Mounting encrypted volumes
Posted by Steve on Wed 19 Jan 2005 at 11:14
If you're worried about storing confidential material upon your home machine, or a laptop, then you might be interested in using encryption. Using applications such as GNU Privacy Guard are good for protecting single files, but they lack something when wanting to keep a whole directory secure. This is where mounting volumes with an encryption module can be useful.
Using the loop-aes kernel module you can mount a file via the loopback interface and have everything written to that file be secure and private.
Of course there is a downside. Using encryption for a file will give you additional overhead, and it can make recovery of data difficult in the case of a crash, or filesystem corruption.
But the gain of mounting things securely is worthwhile.
The loopback module is available in Debian's unstable and sarge archives, and requires the use of the full kernel source of your running kernel to build.
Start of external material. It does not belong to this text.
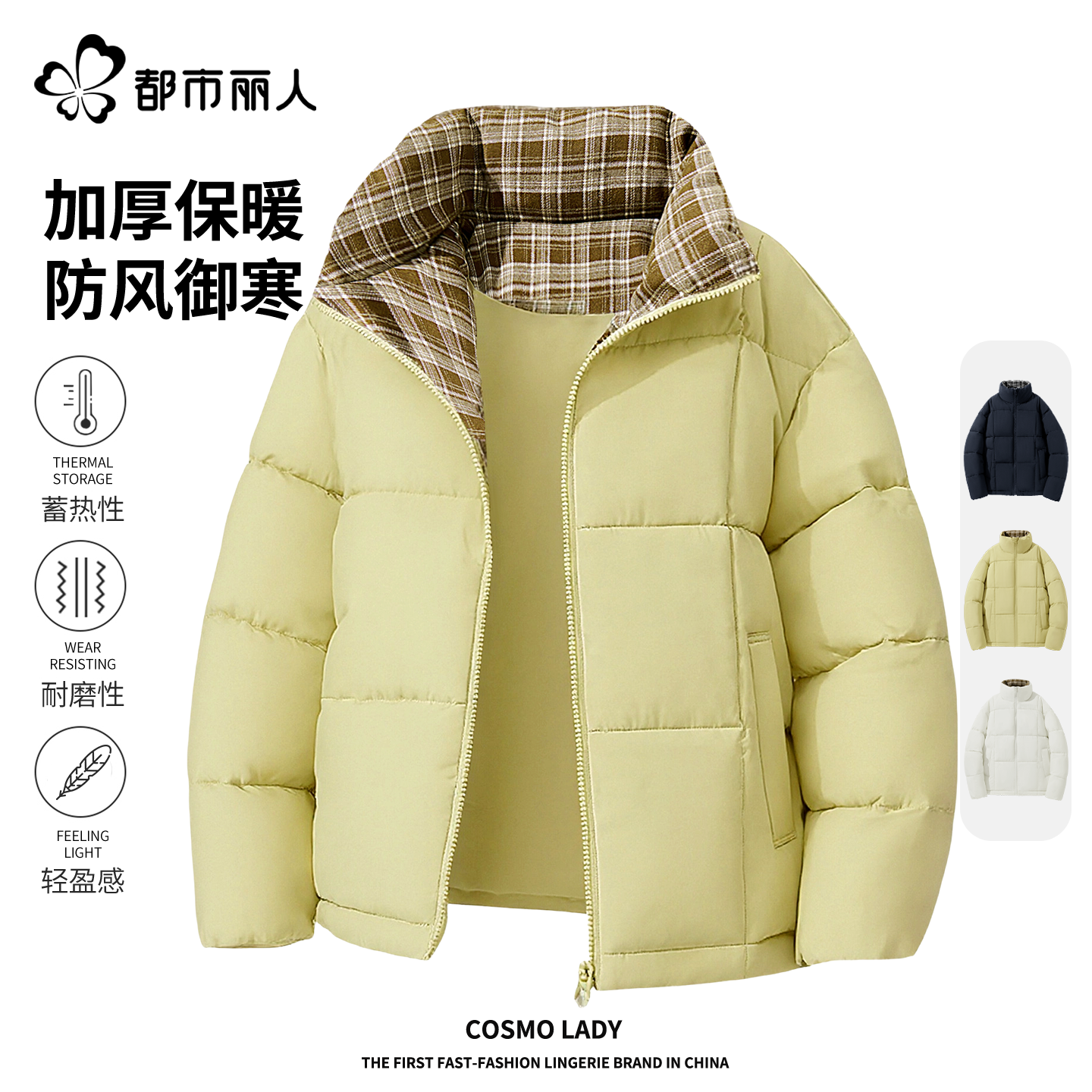 都市丽人藏青色棉服女2026新款加绒加厚面包服巨好看的冬装外套X - 都市丽人女装旗舰店

For the moment it is suggested you use 2.6.x.
To determine your running kernel's version you should run:
uname -r
Assuming it returns "2.6.8-1-386" you would then run:
apt-get install kernel-headers-2.6.8-1-386
This will leave you with the header files in the directory /usr/src.
Now we can download the source to the kernel module itself, and the tool to build it module-assistant:
apt-get install module-assistant loop-aes-source
(This will almost certainly install additional packages on your system).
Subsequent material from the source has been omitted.